Özel sektör tarafından SETBİR Yönetim Kurulu Başkanı Tarık Tezel, MEYED Yönetim Kurulu Başkanı İlker Güney ve ORGÜDER Yönetim Kurulu Başkanı Muharrem Doğan; kamu tarafından TAGEM Genel Müdür Yardımcısı Doç. Dr. İlhan Aydın, Gıda ve Kontrol Genel Müdür Yardımcısı Dr.
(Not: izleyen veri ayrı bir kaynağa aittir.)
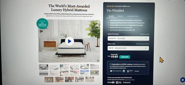 Moving and upgrading to a queen. Like new winkbed twin xl mattress. Luxury firm. Bought for over $1000 in January from SleePare, but lowered price bc most people don’t buy used mattresses and I’d like it gone asap! Coming from a cat household so may have some cat hairs but I used it with a mattress protector + fitted sheet and did clean it as much as possible before storing it in a room.
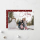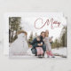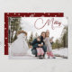 Photo complète Merry & Bright carte de voeux de vacances avec amour du texte et cadre d'angle blanc arrondi en bordeaux.
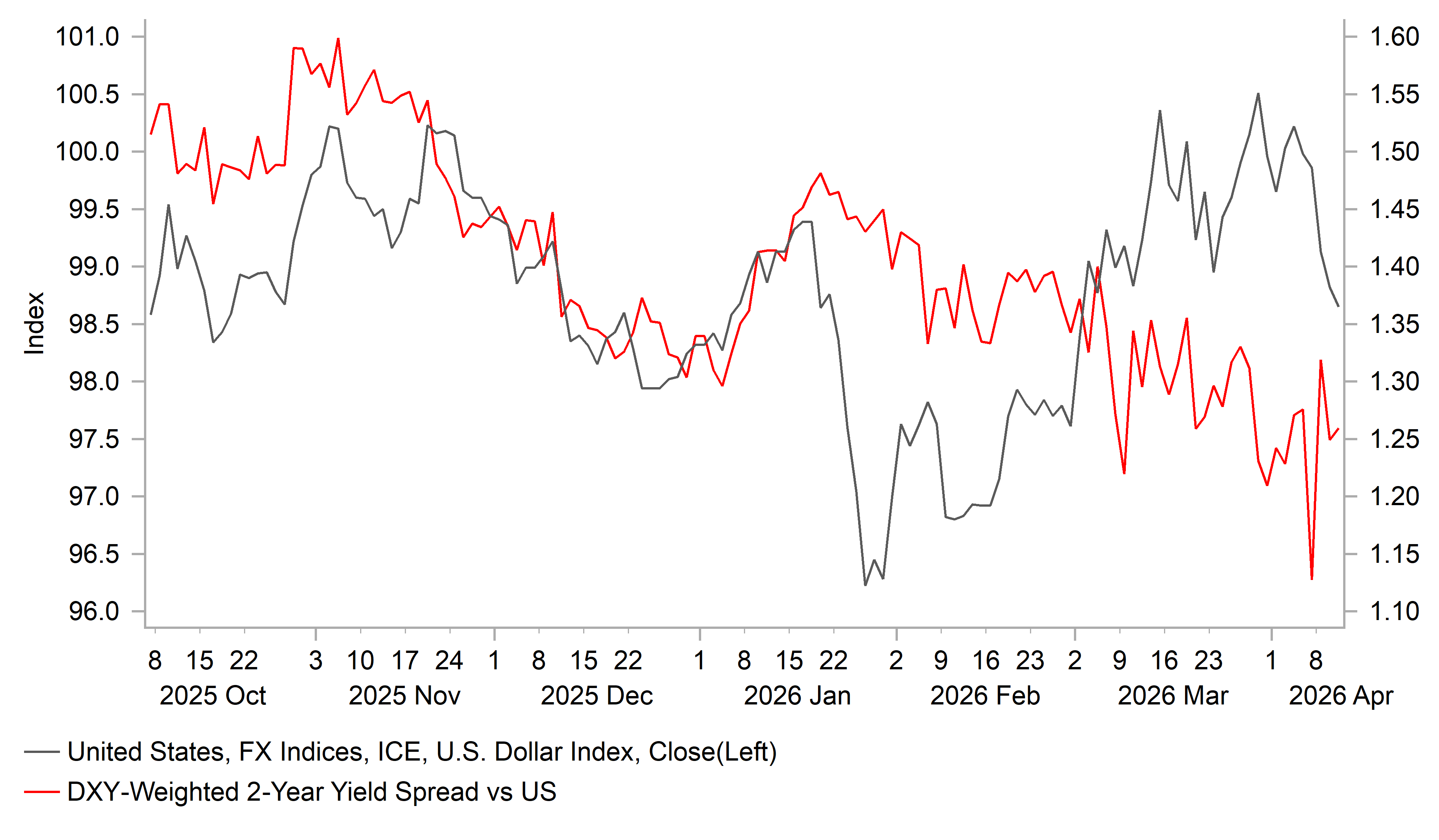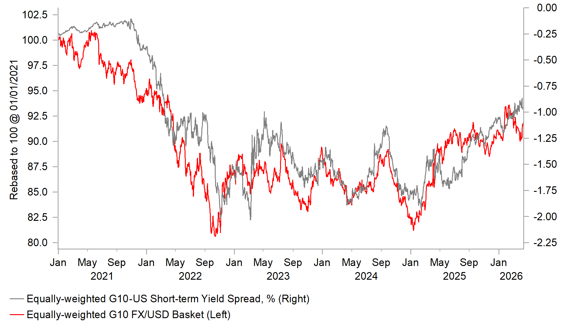 After of six weeks of conflict to the point of the ceasefire, it is clear that the US dollar has underperformed our expectations based on our original expected moves. Based on a 40%ish move higher in crude oil prices we would have expected to see a EUR/USD drop of 3% or so. The EUR/USD rate is currently 1.0% lower. The change in swap spreads against the dollar and the lack of risk-off trading conditions have helped contribute to that. Under our new Scenario 1 of crude remaining around current levels before slowly retracing from Q3 onwards, we would expect to see EUR/USD trade around current levels to lower before moving higher in the second half of the year. Our current Q1 2027 forecast is 1.2000 and given the more modest gains for the dollar that forecast could now be too low. The only scope for a notable gain for the dollar would be if we saw a period strong risk-off on global recession being priced that would result in a big decline in global equities of around 20%. That’s still a considerable risk and as time passes the impact of the supply disruption will become more evident. The US dollar would appreciate with high-beta G10 suffering most. The Swiss franc and yen could perform best as front-end yields in the US fall.
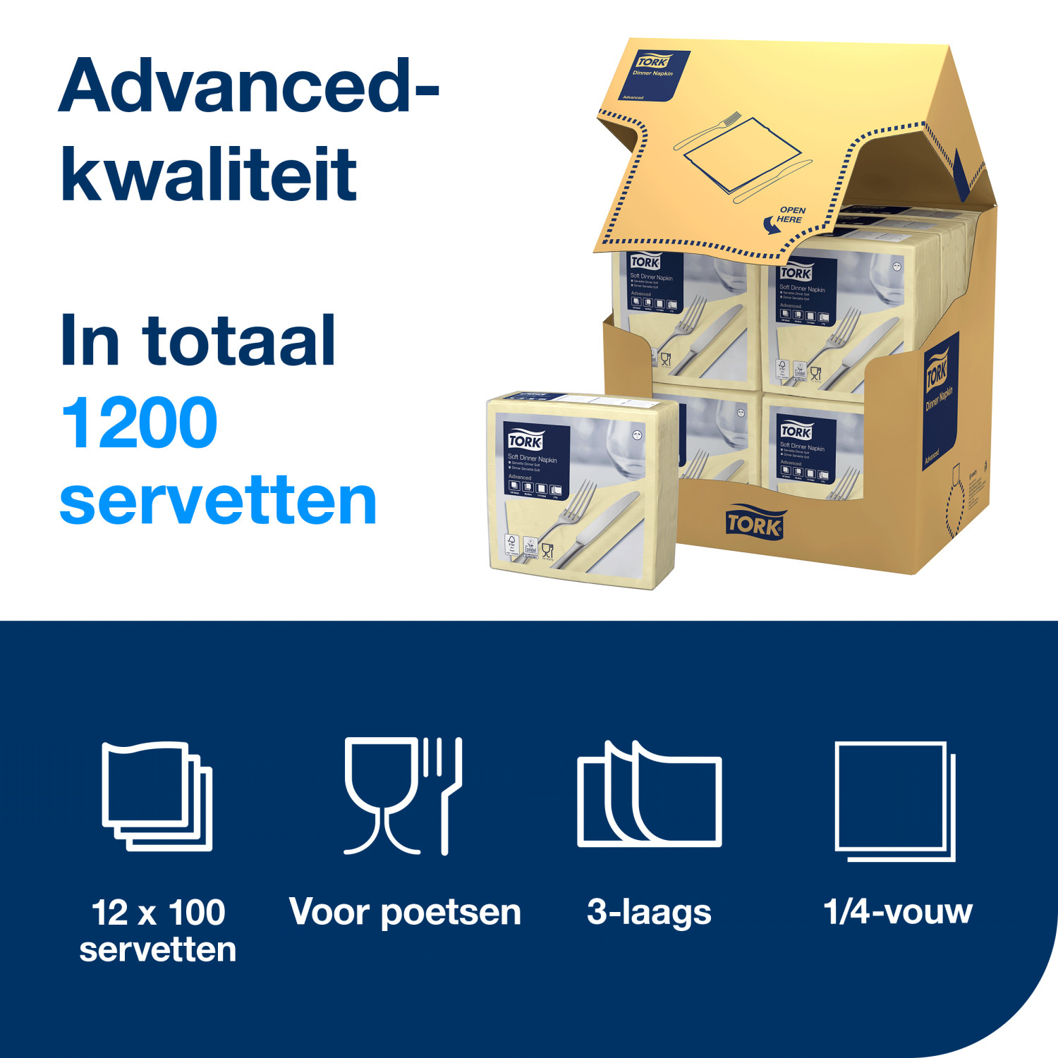 Tork Soft Dinnerservet – Advanced – 39x39cm – 1/4-vouw – 3-laags – Champagne
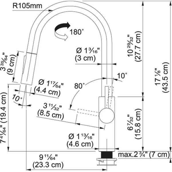 Змішувач Franke Pescara L Slide-In Pull-Out Spray Chrome
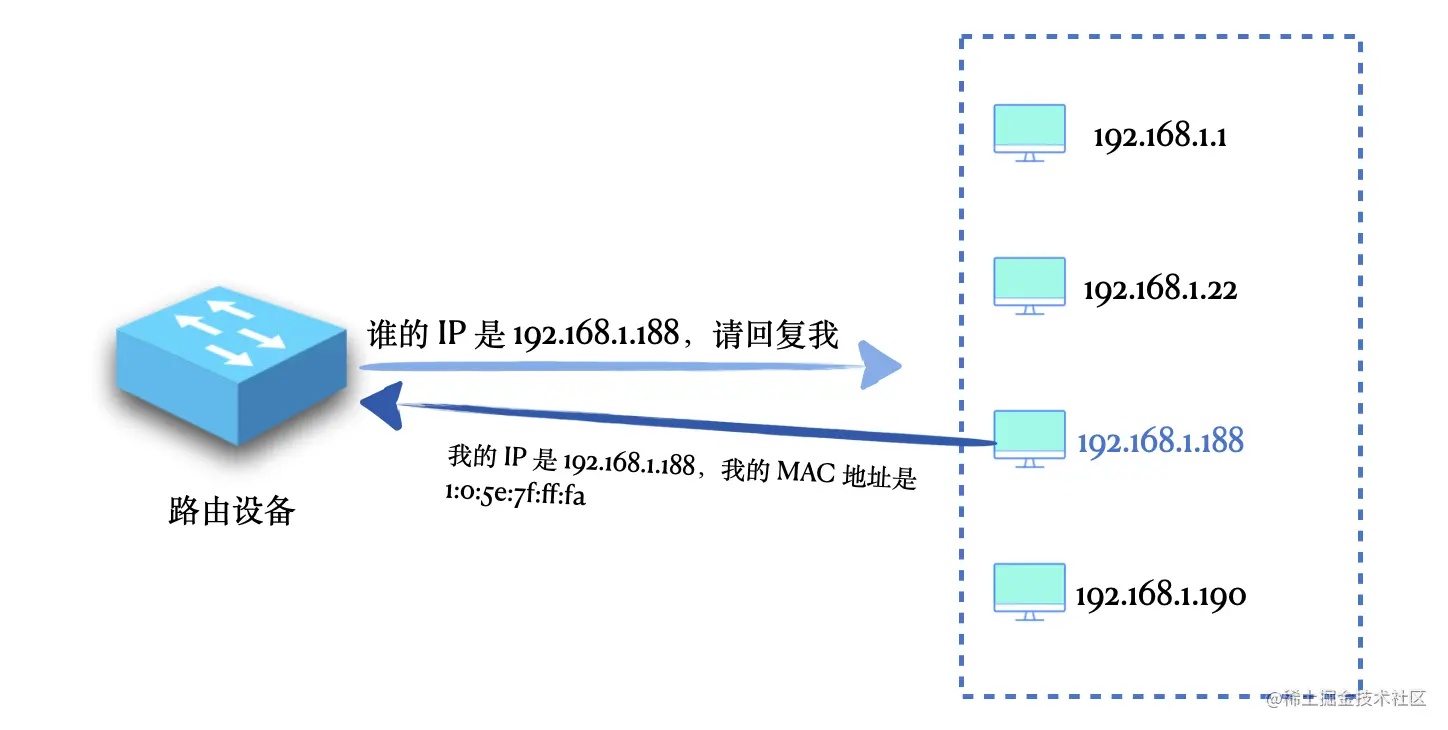 当一台路由器或者一个具有路由转发功能的主机想要通过一个 IP 地址得到对应的 MAC 地址时,就可以使用 ARP 协议了,这个设备向它所在的目标子网中发送一个广播的 ARP 请求,请求中带着这个 IP 地址,意思是说,在这个网络中的各位,谁的 IP 是这个,请回复我一下,并告诉我你的 MAC 地址。收到这个请求的主机对这个 ARP 包进行解析,如果发现携带的 IP 正好是自己的,就返回一个 ARP 回复,回复中带上自己的 MAC 地址。
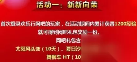 下面是小编整理的关于跑跑卡丁车网吧欢乐行 欢天喜地迎国庆攻略内容,介绍了跑跑卡丁车网吧欢乐行活动介绍,跑跑卡丁车网吧欢乐行欢天喜地迎国庆等内容。 跑跑卡丁车网吧奖励 这次的活动完全是为了给大家庆祝国庆期间的无聊来举办的,不过要在欢乐行网吧玩游戏才能获得奖励,这还是有点难的,毕竟很多人去网吧还是有条件限制的,一起来看看活动内容吧! 活动时间:9月29日-10月8日 活动内容: 1、新新向荣 首次登录欢乐行网吧的玩家,在活动期间内累计获得1200经验,就可得到网吧礼包奖励一份。
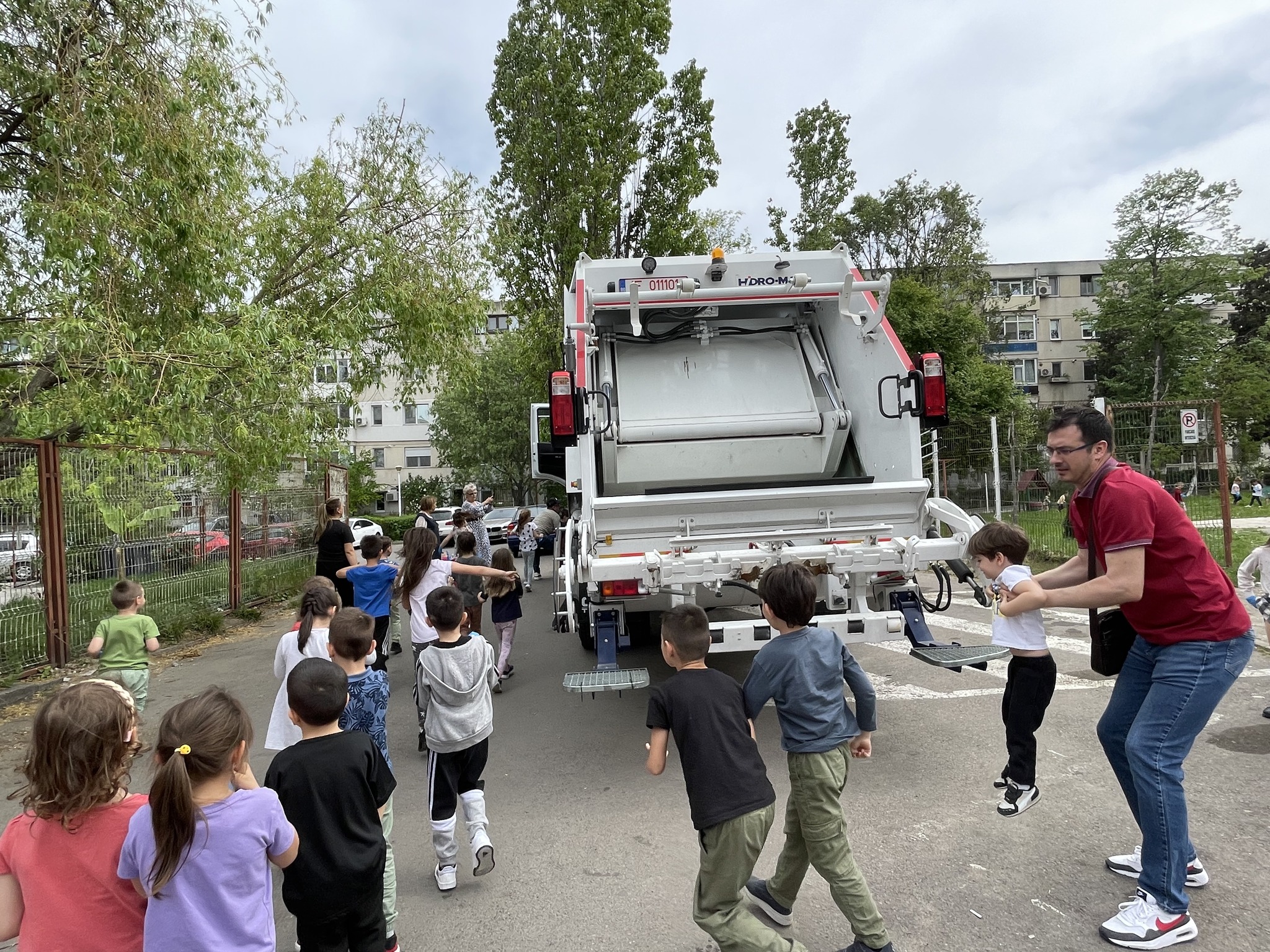 După încheierea lecției de ecologie, copiii au desfășurat o acțiune de ecologizare în curtea grădiniței și au avut ocazia să exploreze modul de funcționare al unei autogunoiere.
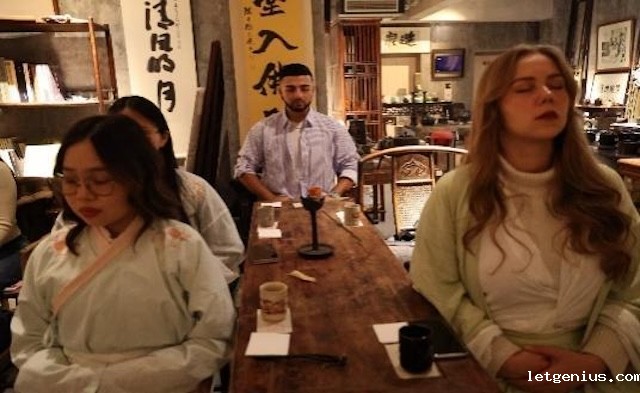 壶的存在,自然是为了与茶的邂逅。伴随着清雅的音乐,端坐于中式家具布置的古雅环境中,同学们开启了放松身心的奇妙茶艺之旅。“喉吻润,破孤闷,搜枯肠,发轻汗,肌骨清,通仙灵,清风生”“左手执杯以为礼,右手托杯以为敬,感恩之心以为品”,分享茶道,使谦和、简真、和美的茶道精神融入当下,完全实现了以茶悟心性、以茶立德行的茶修主旨。中外学生在共同的活动体验中,增进了对中国茶文化的进一步了解,在中国传统文化的国际交流中拉近了彼此的距离。
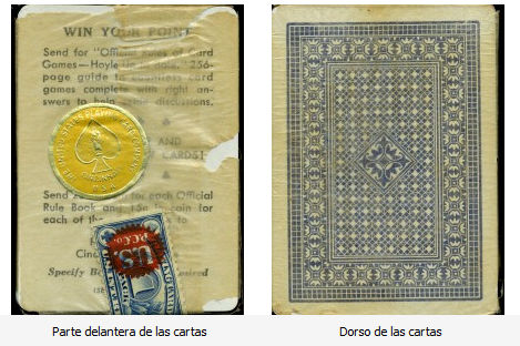 La otra es más curiosa, es un dorso genérico de USPC. Estas barajas se vendían en set de dos (azul y roja) en caja deslizante de cartón duro. Yo solo tengo la azul, sin la caja. Según el sello dorado y el timbre la baraja es del año 1940.
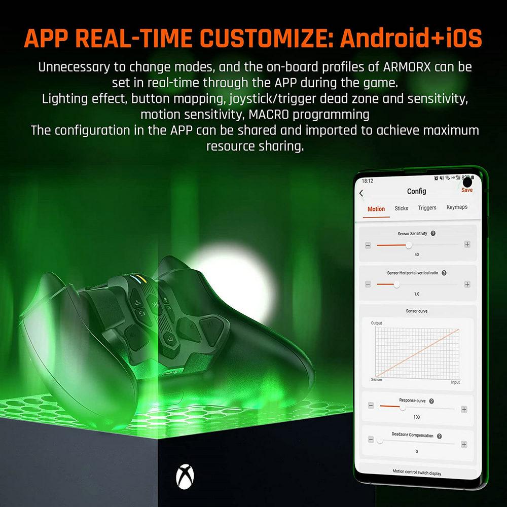 10).Support setting the on-board profiles, lighting effect, button mapping, joystick/trigger dead zone and sensitivity, motion sensitivity and MACRO programming via the APP.
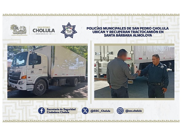 1 de abril, 2026. San Pedro Cholula, Pue. – Como parte de las acciones de seguridad implementadas por el Gobierno Municipal de San Pedro Cholula, elementos de la Secretaría de Seguridad Ciudadana (SSC Cholula) lograron ubicar y recuperar un tractocamión que había sido reportado como irregular en su ruta.
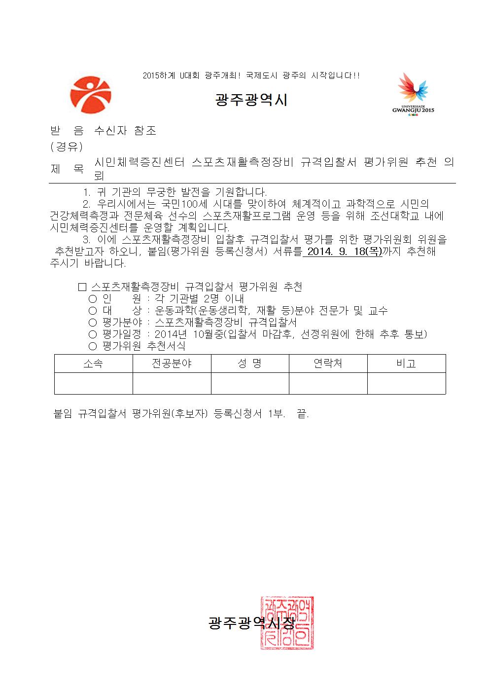 [광주광역시]시민체력증진센터 스포츠재활측정장비 규격입찰서 평가위원 추천
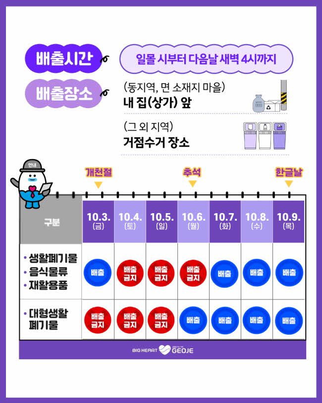 °ÅÁ¦½Ã(½ÃÀå º¯±¤¿ë)´Â ´Ù°¡¿À´Â Ãß¼® ¸íÀý »ýȰÆó±â¹° ó¸® ´ëÃ¥À» ½ÃÇàÇÑ´Ù°í 16ÀÏ ¹àÇû´Ù. ½Ã´Â Ãß¼® ¿¬ÈޱⰣ(10. 3. ~ 10. 9.) Áß »ýȰÆó±â¹° ¼ö°Å ´ëÇà¾÷ü ÈÞ¹«(ÀÏ¿äÀÏ, Ãß¼®, Ãß¼® ´ÙÀ½³¯)¿¡ µû¶ó »ýȰ¡¤À½½Ä¡¤ÀçȰ¿ëǰ¡¤´ëÇü»ýȰÆó±â¹°ÀÇ ¹èÃâÀϰú ¹èÃâ½Ã°£¡¦
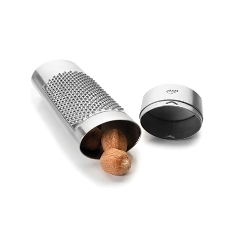 Le conteneur de la râpe à muscade stocke les aliments déjà râpés afin de les saupoudrer facilement avant la dégustation. Le compartiment est idéal pour ranger les épices entières et de ce fait les avoir sous la main facilement.
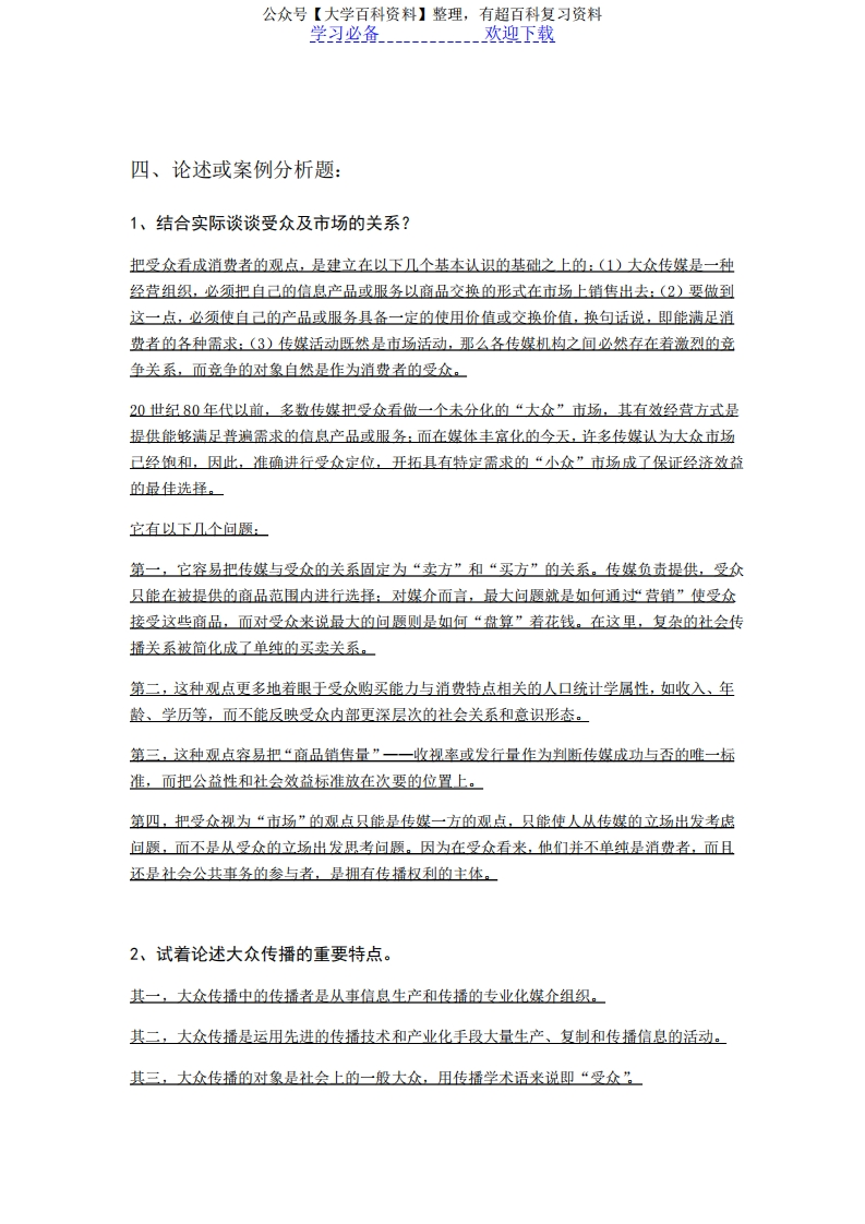 传播学概论知识点笔记猴哥6个月前发布关注私信0.38MB5页09750传播学概论知识点笔记此内容为免费资源,请登录后查看¥0 登录查看免费资源 第1页 / 共5页 第2页 / 共5页 第3页 / 共5页 第4页 / 共5页 第5页 / 共5页 已完成全部阅读,共5页 © 版权声明文章版权归作者所有,未经允许请勿转载。THE END《传播学总论》学习资料合集期末复习 喜欢就支持一下吧点赞50赞赏 分享QQ空间微博QQ好友海报分享复制链接收藏

Yunus Bayram ve BÜGEM İyi Tarım Uygulamaları ve Organik Tarım Daire Başkan Başak Egesel konuşmacı olarak katıldı.

Açılış konuşmasını yapan Kürşat Apan, katılımcıları selamladı ve özel sektör tarafından konuşmacıları tanıtırken, Ahmet Volkan Güngören de Bakanlık kamu tarafından katılan konuşmacıları tanıttı.

TEZEL: SÜRDÜRÜLEBİLİR ÜRETİMİ TÜM PAYDAŞLAR SAHİPLENMELİ

İlk sözü alan SETBİR Yönetim Kurulu Başkanı Tarık Tezel, AB Yeşil Mutabakat’ın artık kapıda olduğunu söyleyerek, “Et ve süt sektörüne ciddi etkileri olacağı şimdiden belli” dedi.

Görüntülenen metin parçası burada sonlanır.